General Web page display will inevitably involve the interception of substring, this time truncate on the use of, but it is only suitable for English users, with Chinese users, using truncate will appear garbled, and for Chinese English mixed string, intercept the same number of strings, The actual display length is different, the visual will appear uneven, the image is beautiful. This is because the length of a Chinese is roughly equivalent to the length of two English. In addition, truncate can not be compatible with GB2312, UTF-8 and other encodings.

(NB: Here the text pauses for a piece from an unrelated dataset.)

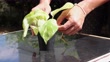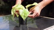 4K,man take care Golden Pothos tree in plastic pot in home garden - 4K stock video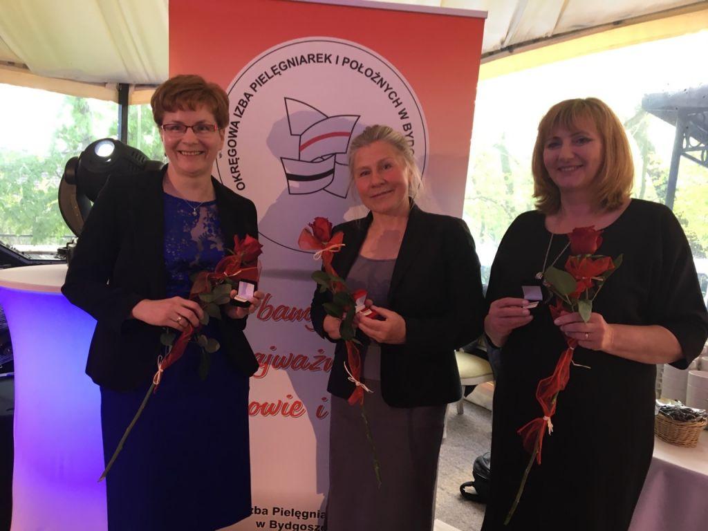 Dwie nasze Pielęgniarki - panie: Bożena Jankowska i Małgorzata Kujawska oraz Położna: pani Mirosława Pozorska otrzymały "Złote czepki", przyznawane za wzorową postawę zawodowa i społeczną, upowszechnianie zasad etyki zawodowej i współdziałanie na rzecz integrowania środowiska zawodowego. Odznaczenia wręczono podczas uroczystych obchodów Międzynarodowego Dnia Pielęgniarki i Krajowego Dnia Położnej. Serdeczne gratulacje!

Improved smarttruncate: FileName: modifier.smartTruncate.php
Copy Code code as follows:
<?php
function SmartDetectUTF8 ($string)
{
static $result = Array ();
if (! array_key_exists ($key = MD5 ($string), $result))
{
$utf 8 = "
/^(?:
[\x09\x0a\x0d\x20-\x7e] # ASCII
| [\XC2-\XDF] [\X80-\XBF] # Non-overlong 2-byte
| \XE0[\XA0-\XBF][\X80-\XBF] # excluding overlongs
| [\xe1-\xec\xee\xef] [\X80-\XBF] {2} # straight 3-byte
| \XED[\X80-\X9F][\X80-\XBF] # excluding surrogates
| \XF0[\X90-\XBF][\X80-\XBF]{2} # Planes 1-3
| [\xf1-\xf3] [\X80-\XBF] {3} # planes 4-15
| \XF4[\X80-\X8F][\X80-\XBF]{2} # Plane 16
) +$/xs
";
$result [$key] = Preg_match (Trim ($utf 8), $string);
}
return $result [$key];
}
function Smartstrlen ($string)
{
$result = 0;
$number = SmartDetectUTF8 ($string)? 3:2;
for ($i = 0; $i < strlen ($string); $i + + $bytes)
{
$bytes = Ord (substr ($string, $i, 1)) > 127? $number: 1;
$result + + $bytes > 1? 1:0.5;
}
return $result;
}
function Smartsubstr ($string, $start, $length = null)
{
$result = ';
$number = SmartDetectUTF8 ($string)? 3:2;
if ($start < 0)
{
$start = Max (Smartstrlen ($string) + $start, 0);
}
for ($i = 0; $i < strlen ($string); $i + + $bytes)
{
if ($start <= 0)
{
Break
}
$bytes = Ord (substr ($string, $i, 1)) > 127? $number: 1;
$start-= $bytes > 1? 1:0.5;
}
if (Is_null ($length))
{
$result = substr ($string, $i);
}
Else
{
for ($j = $i; $j < strlen ($string); $j = = $bytes)
{
if ($length <= 0)
{
Break
}
if ($bytes = Ord (substr ($string, $j, 1)) > 127? $number: 1) > 1)
{
if ($length < 1.0)
{
Break
}
$result. = substr ($string, $j, $bytes);
$length-= 1.0;
}
Else
{
$result. = substr ($string, $j, 1);
$length-= 0.5;
}
}
}
return $result;
}
function Smarty_modifier_smarttruncate ($string, $length =, $etc = ' ... ',
$break _words = False, $middle = False)
{
if ($length = = 0)
Return ";
if (Smartstrlen ($string) > $length) {
$length-= Smartstrlen ($ETC);
if (! $break _words &&! $middle) {
$string = Preg_replace ('/\s+? \s+)? $/', ', Smartsubstr ($string, 0, $length + 1));
}
if (! $middle) {
Return Smartsubstr ($string, 0, $length). $etc;
} else {
Return Smartsubstr ($string, 0, $length/2). $etc. Smartsubstr ($string,-$length/2);
}
} else {
return $string;
}
}
?>
The above code fully implements the original function of truncate, and can be compatible with both GB2312 and UTF-8 encoding, in determining the length of characters, a Chinese character is 1.0, an English character is 0.5, so there will be no uneven situation when the substring is intercepted.
There's nothing special about the way plug-ins are used, but here's a simple test:
{$content |smarttruncate:5: "..."} ($content equals "a medium B C people D people e total F and G country H")
Show: a medium B wah c. (The length of the Chinese symbol is 1.0, the English symbol length is 0.5, and the length of the elliptical symbol is considered)
Whether you're using GB2312 encoding or UTF-8 encoding, you'll find that the results are correct, which is one of the reasons why I added smart to the plugin name.